Leave the pictures out, and repeat exactly every line from the one with "蟹の宝船(たからぶね)大サイズ3個セット 濃縮ダシ付(2026年1月~発送) UO01246" through the end of the data below.

**Data extracted from a collection**:
━━━━━━━━━━━━━━━━━━━━━━━━━━━━━━

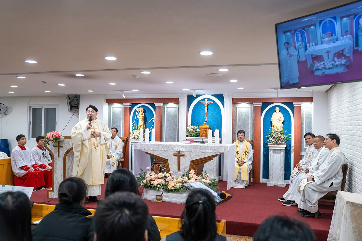 Thánh lễ được cử hành tại cộng đoàn Việt Nam mà Cha Giuse đồng hành trong hành trình ơn gọi của cha tại Đại Chủng viện Incheon, nơi trước đây cha đã theo học và được đào luyện trong những năm tháng quan trọng của đời tu. Việc cha trở lại nơi này để dâng Thánh lễ Tạ Ơn không chỉ là một sự kiện mang ý nghĩa cá nhân, mà còn là lời chứng sống động cho tình yêu trung tín của Thiên Chúa trong suốt hành trình ơn gọi.
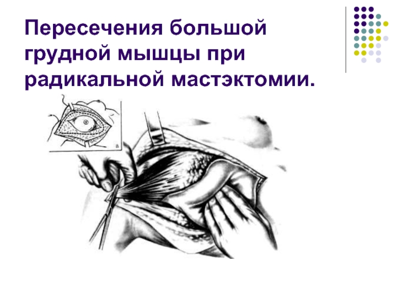 Слайд 23Пересечения большой грудной мышцы при радикальной мастэктомии.
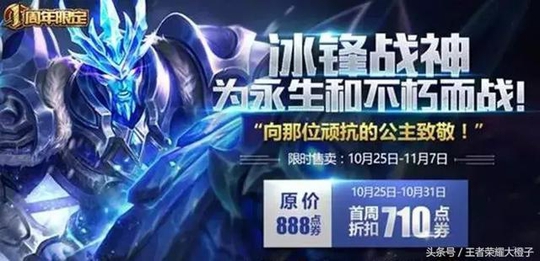 关羽-冰锋战神皮肤,首次上线时间:2016年10月25号,如果返场,售价888点券(不打折)
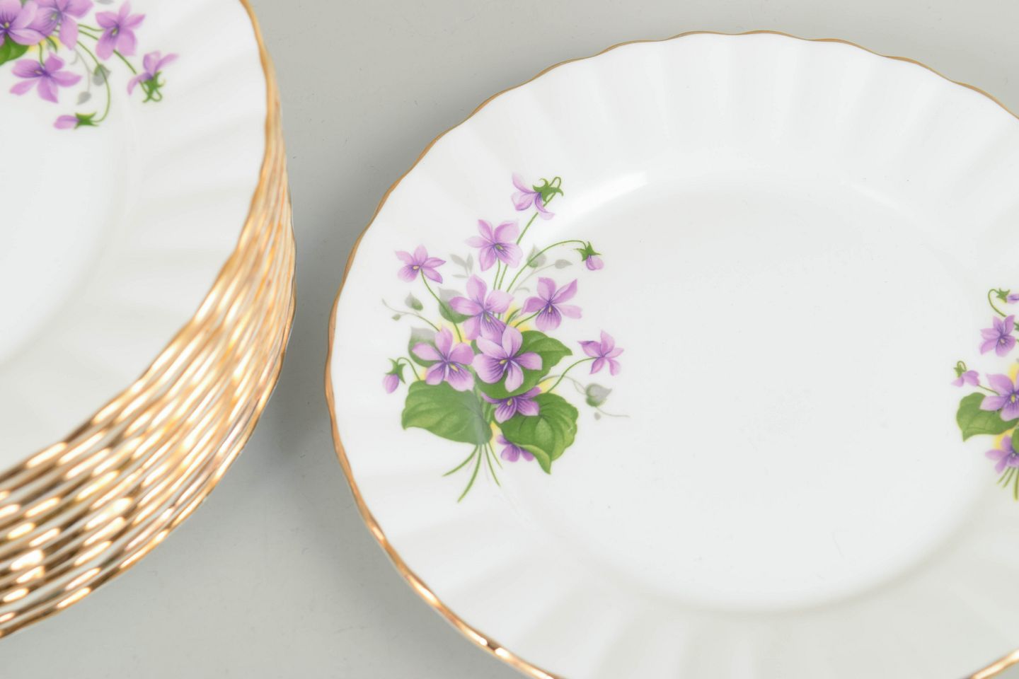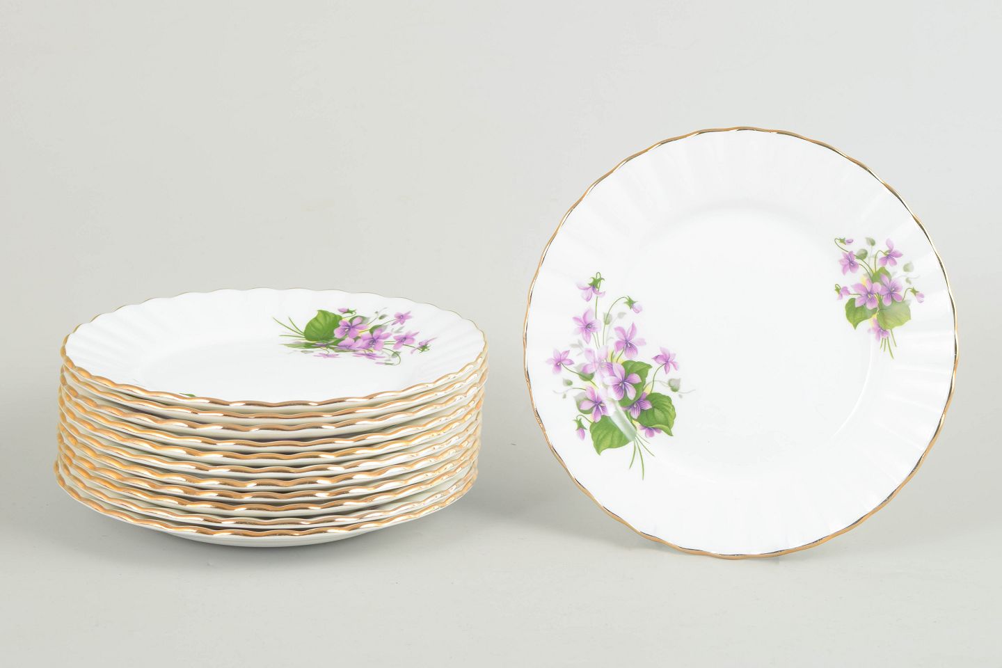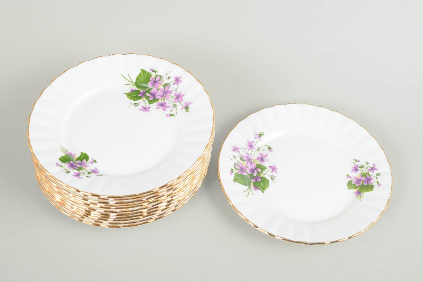 Set of twelve bone china cake plates decorated with delicate purple floral bouquets and a gilt rim. Classic English tableware with a light relief and an elegant mid-century character.
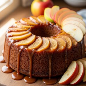 A sticky, caramel-coated apple cake that melts in your mouth.
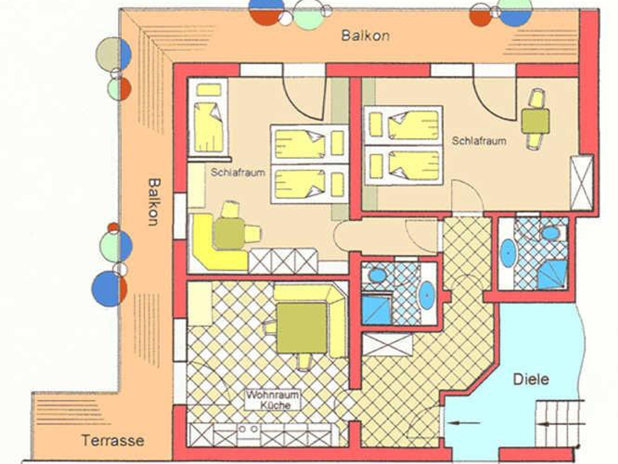 Appartement 74m² Gartenseite;Wohnküche, 2 Schlafzimmer mit Dusche-Wc.,Ost-Südbalkon, Kleine Terrasse,Liegegestühle,Berg- und Seeblick
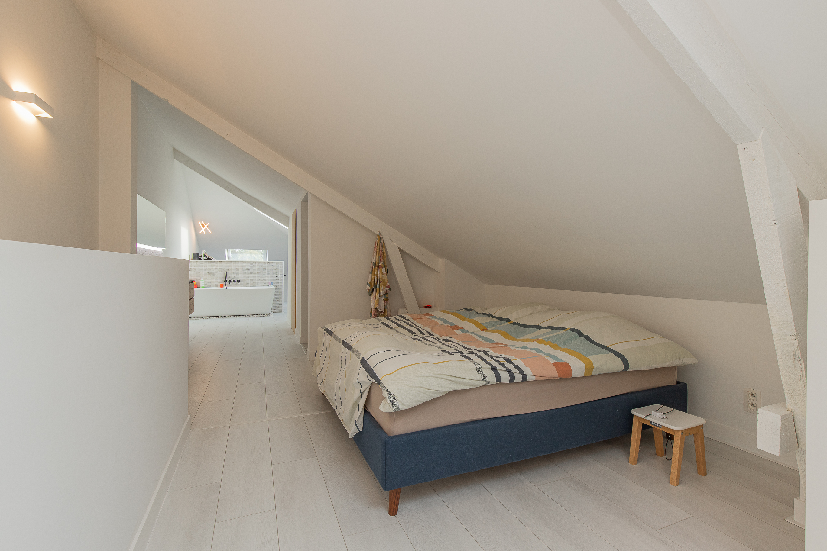 • Op de bovenverdieping: een mooie studio met slaapkamer, toilet, bad, vestiaire, wasmachine-aansluiting en stijlvolle lavabo
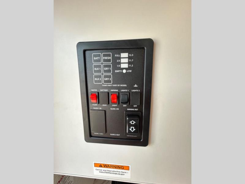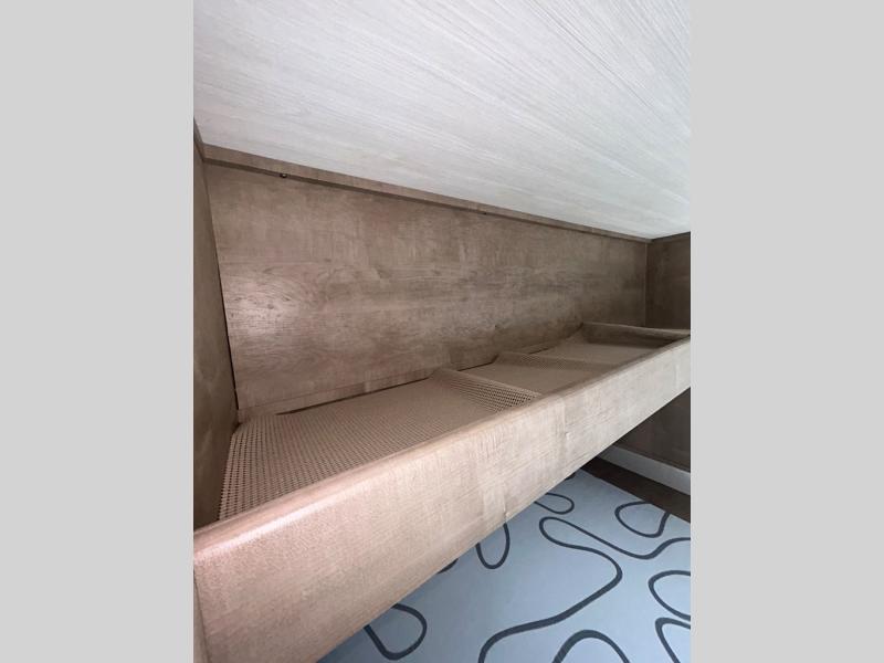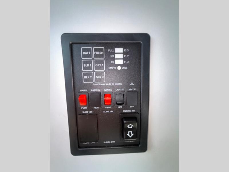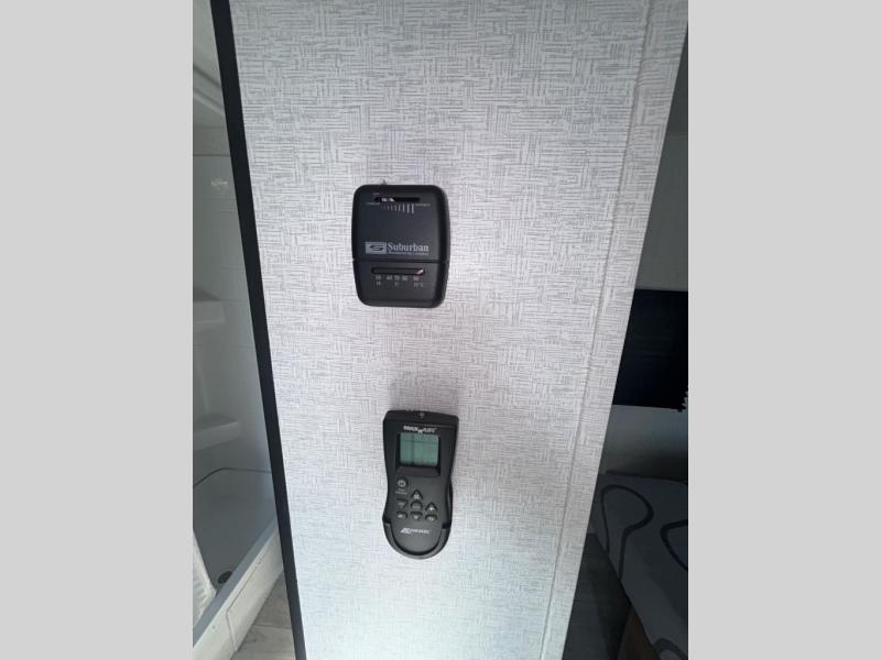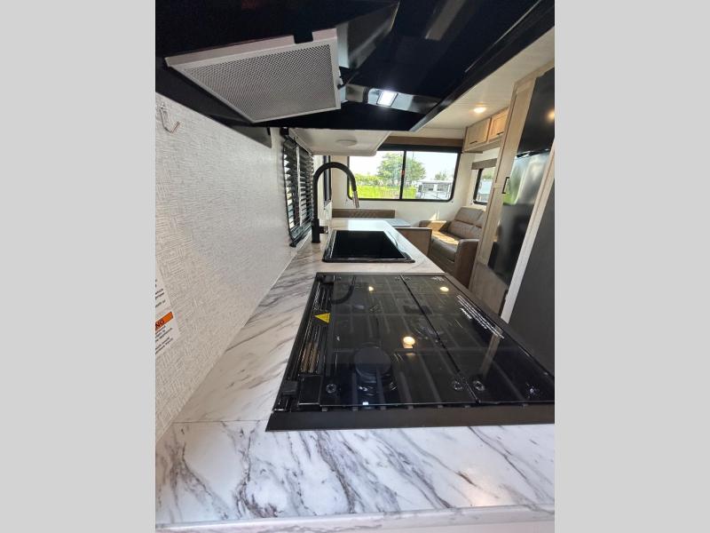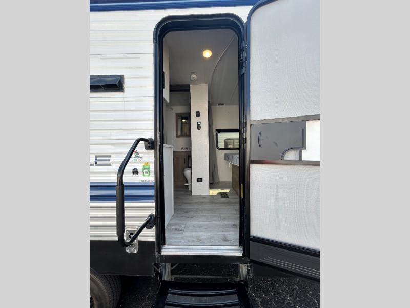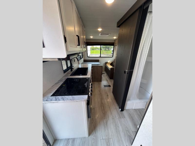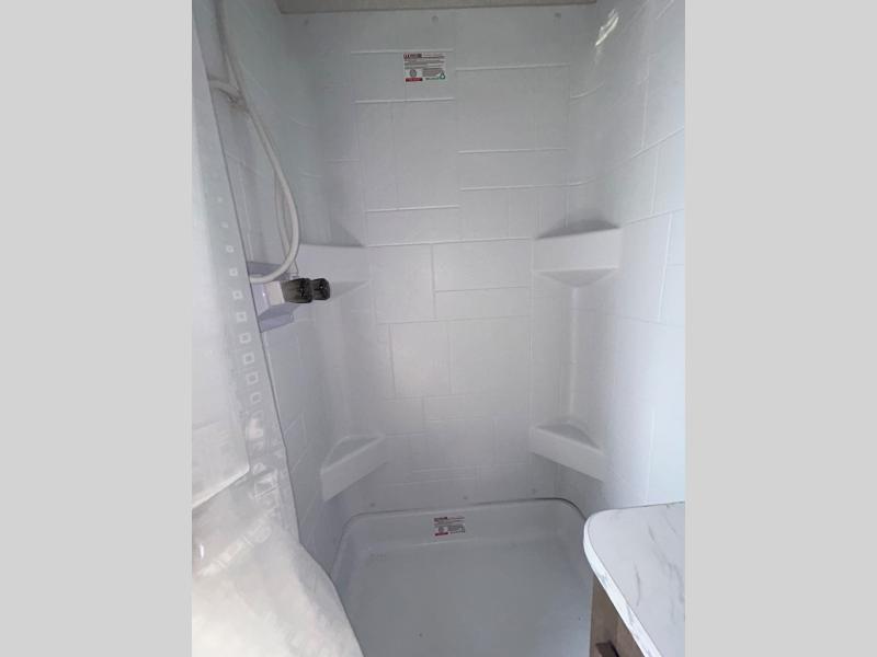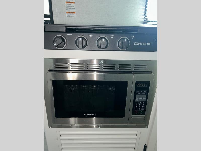 This trailer is perfect for your crew of four to six. There is a queen bed in the semi-private bedroom, along with dual closets and nightstands to keep your things tidy. You can dine each day on the booth dinette, relax on the sofa, and house additional guests here at night. The kitchen includes everything you need to prepare meals each day, including a gas range, microwave, and a 10 cu. ft. 12V refrigerator for cold items. And the full bath on board lets you stay clean throughout each camping trip!
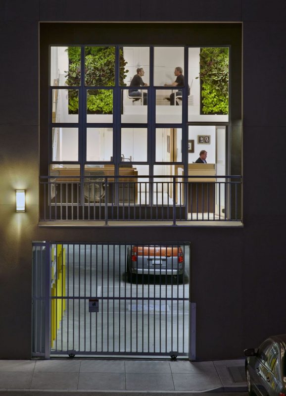 The focus of the space is a living wall of mixed plants that takes filtration a step further. The plants are affixed to a perforated stainless screen that is connected to a fan. Air is drawn through the plants, thus providing natural filtration, and then recycled back into space. The office space is on track to achieve a LEED (R) Gold rating.
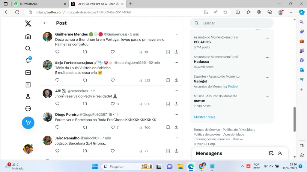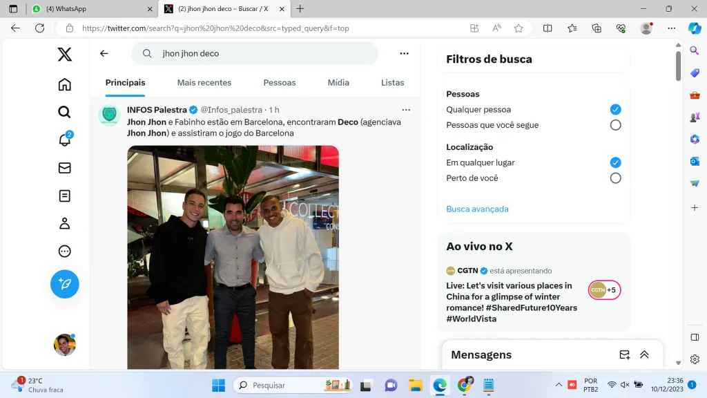 O colega Luciano Henrique, setorista do Atlético-GO, informou, há pouco, que o Dragão fez proposta por Jhon Jhon em 2024 para vir por empréstimo.
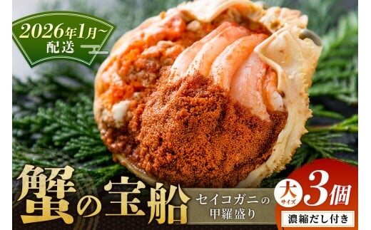 【蟹の匠 魚政】セイコガニの甲羅盛り 蟹の宝船(たからぶね)大サイズ3個セット 濃縮ダシ付(2026年1月~発送) UO01246
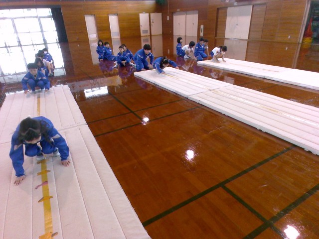 体育科の「マット運動」の学習では、前転と後転に取り組みました。手の位置や足を開きすぎないことを意識しながら、一生懸命に練習する姿が見られました。
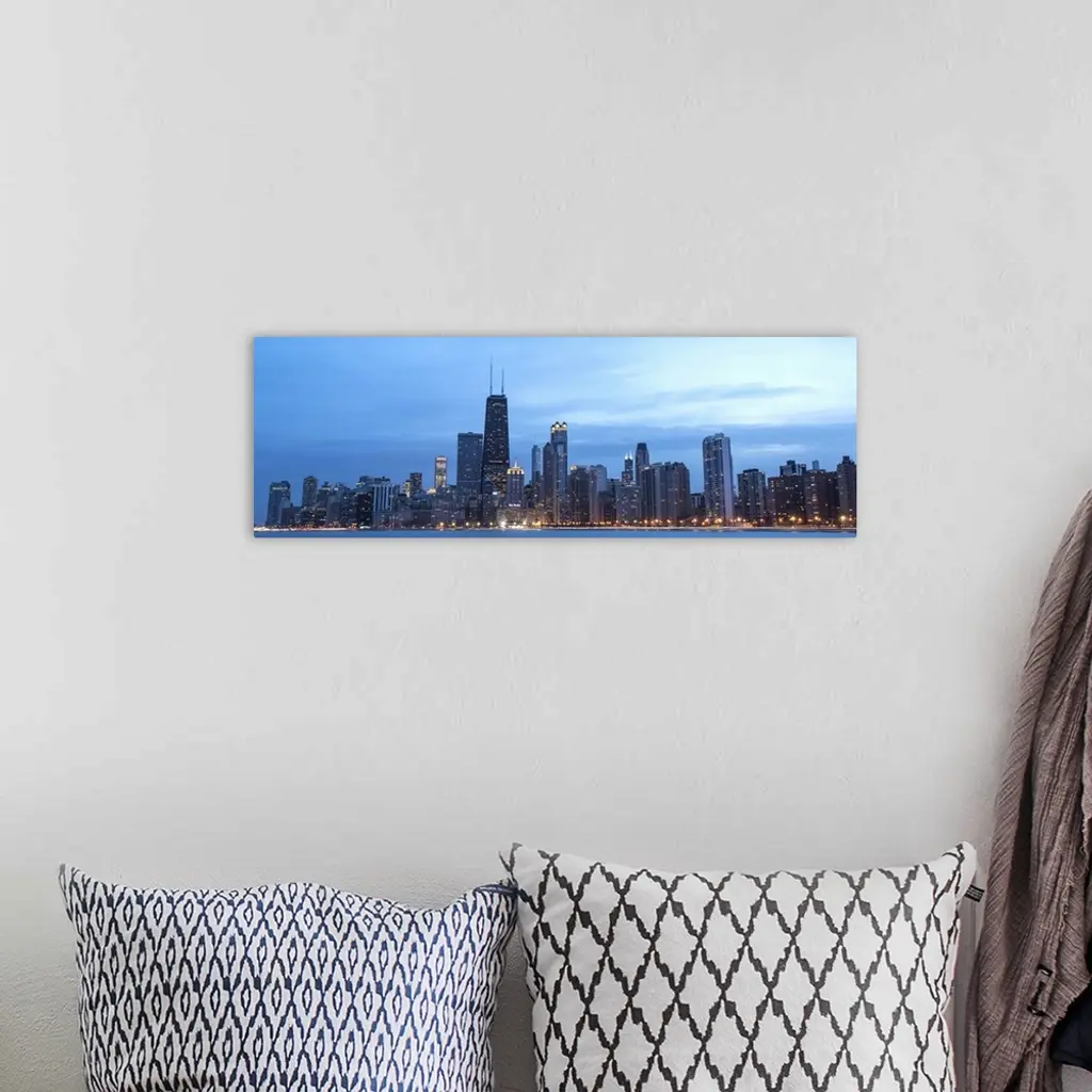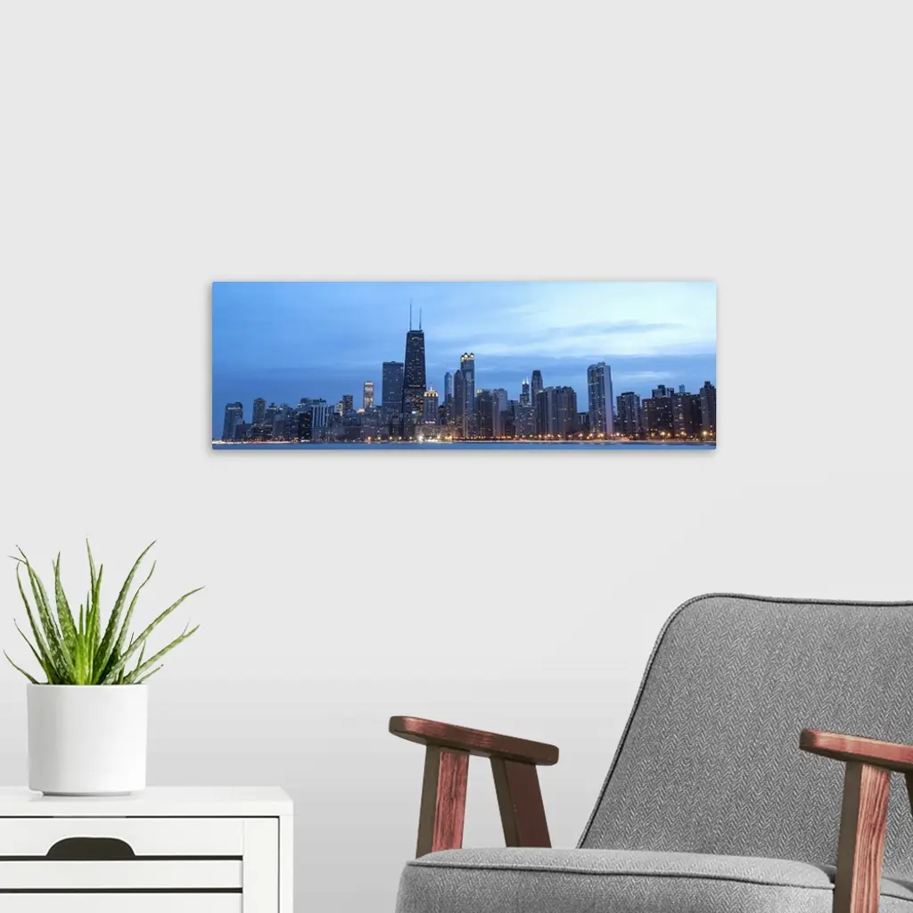 Panoramic view of the Chicago city skyline illuminated in the early evening, seen from across the water.

━━━━━━━━━━━━━━━━━━━━━━━━━━━━━━

**PROBLEM SOLUTION**:
 【蟹の匠 魚政】セイコガニの甲羅盛り 蟹の宝船(たからぶね)大サイズ3個セット 濃縮ダシ付(2026年1月~発送) UO01246
 体育科の「マット運動」の学習では、前転と後転に取り組みました。手の位置や足を開きすぎないことを意識しながら、一生懸命に練習する姿が見られました。
 Panoramic view of the Chicago city skyline illuminated in the early evening, seen from across the water.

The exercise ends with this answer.